Но за это время утащены были и шашка его и револьвер. Однако чемодан остался.
И что ж было делать? Надежды на извозчика не было. Но как ни смяты были все жизненные отношения в городе, а всё же не мог полковник нарушать устав и сам понести свой большой чемодан – он должен был кого-то для этого найти, тут обрывалась независимость всякого офицера. Какой-то человек назвался посыльным, взялся нести.
Пошли пешком, через Измайловские роты. По дороге солдаты отдавали честь, но не все, а чернь угрожала, поносила бранью и, стараясь напугать полковника, стреляла мимо его головы в воздух. Около казарм Измайловского полка вся улица была полна солдатами-измайловцами, но без оружия и в большом возбуждении, что-то у них происходило непонятное.
И такое же потом – около казарм Семёновского полка.
Всюду шла стрельба, уже как обычное уличное явление. Разъезжали автомобили с красными флагами, пулемётами, вооружёнными то солдатами, то матросами из флотских экипажей. Разъезжали и конные солдаты, с красными лентами, вплетенными в гриву. Штурмовали подъезды – будто бы там засела полиция.
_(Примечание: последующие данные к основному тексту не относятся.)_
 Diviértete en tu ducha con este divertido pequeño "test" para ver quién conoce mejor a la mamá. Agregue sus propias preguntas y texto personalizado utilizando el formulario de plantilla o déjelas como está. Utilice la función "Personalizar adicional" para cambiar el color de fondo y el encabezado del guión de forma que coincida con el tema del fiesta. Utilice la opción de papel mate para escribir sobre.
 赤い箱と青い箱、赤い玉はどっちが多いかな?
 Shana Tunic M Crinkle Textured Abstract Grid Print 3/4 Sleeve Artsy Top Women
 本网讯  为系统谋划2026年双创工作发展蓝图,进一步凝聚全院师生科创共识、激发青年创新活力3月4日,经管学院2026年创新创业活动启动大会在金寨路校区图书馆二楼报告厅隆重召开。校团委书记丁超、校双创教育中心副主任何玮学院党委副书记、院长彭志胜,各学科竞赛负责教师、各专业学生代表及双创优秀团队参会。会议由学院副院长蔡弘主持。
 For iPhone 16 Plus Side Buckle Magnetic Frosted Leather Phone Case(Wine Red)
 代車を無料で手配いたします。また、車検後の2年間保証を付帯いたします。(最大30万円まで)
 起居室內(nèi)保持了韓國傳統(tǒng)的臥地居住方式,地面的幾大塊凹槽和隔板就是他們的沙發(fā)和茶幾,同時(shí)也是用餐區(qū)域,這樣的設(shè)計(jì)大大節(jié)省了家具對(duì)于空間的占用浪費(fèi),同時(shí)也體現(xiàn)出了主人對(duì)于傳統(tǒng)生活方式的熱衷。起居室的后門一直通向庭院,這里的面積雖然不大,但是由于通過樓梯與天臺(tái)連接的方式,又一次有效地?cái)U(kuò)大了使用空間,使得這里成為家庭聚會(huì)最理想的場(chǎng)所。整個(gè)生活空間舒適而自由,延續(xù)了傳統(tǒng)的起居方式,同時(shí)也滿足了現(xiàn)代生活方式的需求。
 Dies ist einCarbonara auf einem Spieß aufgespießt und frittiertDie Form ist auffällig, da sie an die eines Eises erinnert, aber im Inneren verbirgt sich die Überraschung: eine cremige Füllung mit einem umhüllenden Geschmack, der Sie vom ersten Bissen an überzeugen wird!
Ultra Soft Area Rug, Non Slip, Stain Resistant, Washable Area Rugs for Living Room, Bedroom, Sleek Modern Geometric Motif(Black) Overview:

На Виндавском вокзале также не было никакой охраны, железнодорожных жандармов. Так же всё связанный невозможностью переносить свои вещи, полковник Раден был оттёрт от них новой нахлынувшей толпою. А когда толпа поредела – оказалось, что исчезло его имущество, и остались на нём только шинель да папаха.
Так и он стал наконец независимым и свободным.
По такой анархии искать украденные вещи было бы безполезно.
Какие-то несколько обезоруженных офицеров подошли к полковнику и предложили ему вместе отправиться в Государственную Думу, где заседает новое правительство. Полковник ответил, что там могут быть только узурпаторы, он не желает иметь с ними дело и не советует, это низость.
Пока ждал поезда на Могилёв, он видел, что офицеры отправляются в Думу многие.
Одного из них полковник горячо убеждал не ехать – это слышали солдаты и чуть не убили его опять.
В царском поезде. – Тревожные телеграммы. – Успокоительные приметы.Поездные переезды имели свою поэзию: особый убаюкивающий отдых, недоступность для докладов, министров и генералов, сменные виды за окном, чтение какой-нибудь книги. Чтобы не было резких толчков, предельная скорость императорских поездов была установлена лишь 40 вёрст в час. Спокоен был тогда сон.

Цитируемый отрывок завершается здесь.